Dividend Program The Company also announced that its Board of Directors has approved a dividend plan under which the company intends to pay quarterly cash dividends to holders of itsordinary shares and ADRs subject to declaration by the Board. The Company expects the initial annual dividend to be $0.64 per share, or $0.16 per share quarterly. The first payment is expected to be in the second quarter of 2013. Zeevi Bregman, President and Chief Executive Officer, NICE Systems commented, “The dividend plan reflects our confidence in the strength of our business and the sustainability of its strong cash generation.

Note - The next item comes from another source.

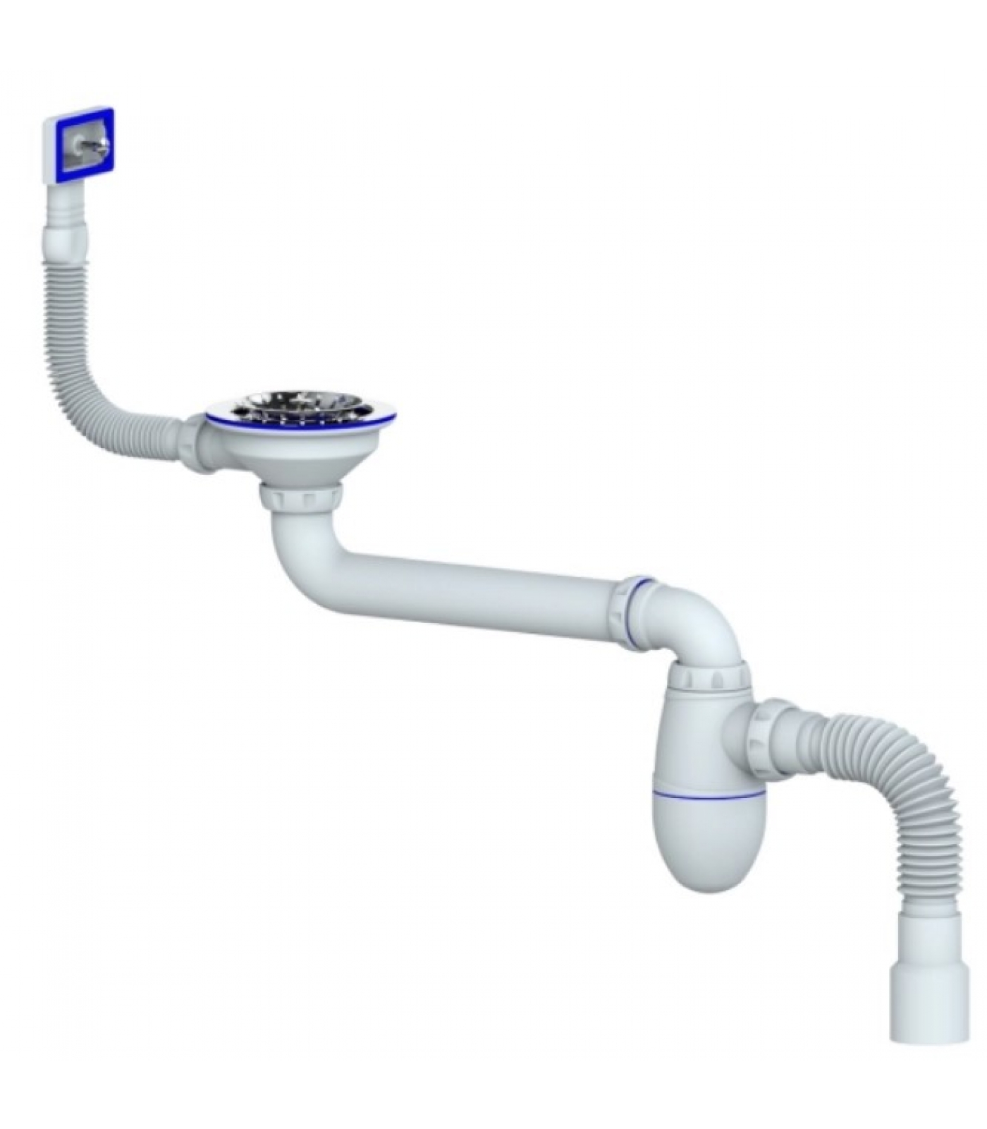 Сифон со смещением позволяет установить умывальник/мойку на любой высоте, а также освобождает дополнительное пространство под ними, поскольку гидрозатвор сифона в установленном виде будет располагаться дальше от центра умывальника или мойки.

The payment of a quarterly cash dividend, in addition to our continued investments to support the company’s growth, along with acquisitions, adds another element to our commitment to bring long term value to our shareholders.”
Non-GAAP Financial Highlights for the Fourth Quarter and Full Year Ended December 31, 2012:
Revenues: Fourth quarter 2012 non-GAAP total revenues were a record $239.5 million, up 12.1% from $213.6 million for the Fourth quarter of 2011. Non-GAAP total revenues for the full year 2012 increased 11.9% to $892.3 million compared to $797.7 million for the full year 2011.
Gross Profit: Fourth quarter 2012 non-GAAP gross profit and non-GAAP gross margin were a record $162.2 million and 67.7%, respectively, compared to $141.7 million and 66.3%, respectively, for the Fourth quarter of 2011. Full year 2012 non-GAAP gross profit and non-GAAP gross margin increased to $590.0 million and 66.1%, respectively, compared to $522.1 million and 65.5%, respectively, for the same period last year.
Operating Income: Fourth quarter 2012 non-GAAP operating income and non-GAAP operating margin were a record $47.5 million and 19.8%, respectively, compared to $39.8 million and 18.6%, respectively, for the Fourth quarter of 2011. Full year 2012 non-GAAP operating income and non-GAAP operating margin increased to $169.7 million and 19.0%, respectively, compared to $148.9 million and 18.7%, respectively, for the full year 2011.
Net Income: Fourth quarter 2012 non-GAAP net income and non-GAAP net margin increased to $43.2 million and 18.0%, respectively, from $37.6 million and 17.6%, respectively, for the fourth quarter of 2011. Full year 2012 non-GAAP net income and non-GAAP net margin increased to $154.1 million and 17.3%, respectively, from $134.6 million and 16.9%, respectively, for the same period last year.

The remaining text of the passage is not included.